Another man, in a suit, suddenly stood before him.
“Mr Mortimer?” he asked. “This way please!” And he noiselessly hurried towards a lift door. Sponer followed. They entered the lift. A bellboy was suddenly at his side to take the overcoat from his arm. The lift started, then stopped. They got out. They walked along carpeted, glittering marble corridors. A door was swung open, a chandelier lit up, mirrors of a salon gleamed all round, a bedroom with brocade bed covers was illuminated, snow-white walls, nickel and chrome fittings shone in a bathroom, and the soft-spoken manager — addressing him now in English, now in German, eager to explain and recommend — bowed again, taking a step backwards to allow a second small boy to hand Sponer his mail, comprising a few letters and two telegrams.
“Would Sir require anything else,” Sponer heard the manager ask.
Sponer shook his head. If there was anything else he wanted he’d ring, he muttered; and the manager, the man who brought the luggage, and the two boys bowed and disappeared.
He was left standing in the middle of the room, in Mortimer’s room, in Mortimer’s clothes, in Mortimer’s life. And in his hand he held Mortimer’s letters. He planned to spend a night in the dead man’s life and be gone the next morning, no matter where, disappear, become himself again, Sponer, the taxi driver who had delivered Mortimer alive and well at the Bristol, and whom no one could accuse if he was later asked, “Where is he?

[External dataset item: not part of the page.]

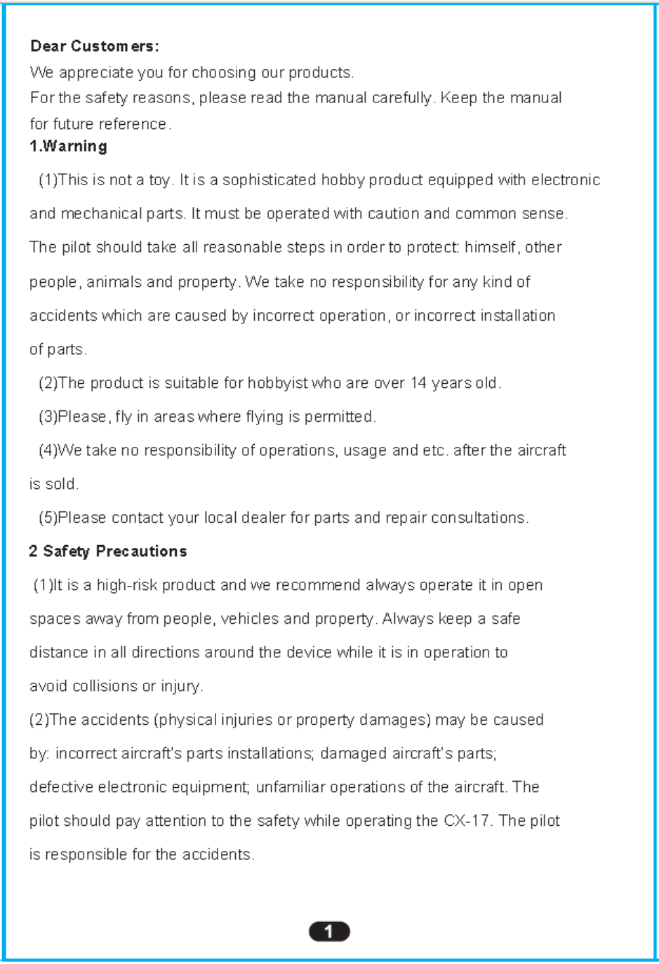 Hereby, Guangdong Cheerson Hobby Technology CO., LTD, declares that this aircraft is in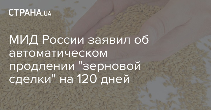 МИД России заявил об автоматическом продлении "зерновой сделки" на 120 дней

Where’s Jack Mortimer?” Hadn’t he arrived at the Bristol with his luggage, spent a night, and left the following day? — Where to? — None of my business! How should I know? Go and ask someone else! He left my cab and went into the hotel; how should I know what he did after that?

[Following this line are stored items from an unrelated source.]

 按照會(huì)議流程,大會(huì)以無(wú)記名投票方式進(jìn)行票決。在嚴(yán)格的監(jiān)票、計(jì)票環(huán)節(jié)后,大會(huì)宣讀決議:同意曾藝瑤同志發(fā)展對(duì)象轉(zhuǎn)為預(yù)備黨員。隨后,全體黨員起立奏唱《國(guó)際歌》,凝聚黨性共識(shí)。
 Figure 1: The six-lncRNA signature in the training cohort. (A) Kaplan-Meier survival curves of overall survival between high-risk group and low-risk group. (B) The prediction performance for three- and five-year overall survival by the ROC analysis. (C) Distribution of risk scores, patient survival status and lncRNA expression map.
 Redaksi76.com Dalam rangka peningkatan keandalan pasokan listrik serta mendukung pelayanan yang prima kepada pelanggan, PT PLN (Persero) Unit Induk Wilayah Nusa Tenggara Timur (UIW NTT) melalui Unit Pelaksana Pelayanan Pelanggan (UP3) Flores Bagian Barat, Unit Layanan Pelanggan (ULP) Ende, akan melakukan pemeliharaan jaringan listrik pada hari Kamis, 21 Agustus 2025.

For one night only he would live Mortimer’s life, and the next morning he’d return to his own. Because otherwise people might turn up who knew Mortimer, or who had business to discuss that only Mortimer could handle, or a question to put to him to which only Mortimer knew the answer.
But he, Sponer, wouldn’t be there any more. The dead man’s life into which he had stepped would be over in a few hours.
But that’s not how things turned out. It was no longer a question of hours. One doesn’t step into anyone’s life, not even a dead man’s, without having to live it to the end.
He, Sponer, was now Jack Mortimer, the living. And that’s how he would have to stay, right up to Mortimer’s death.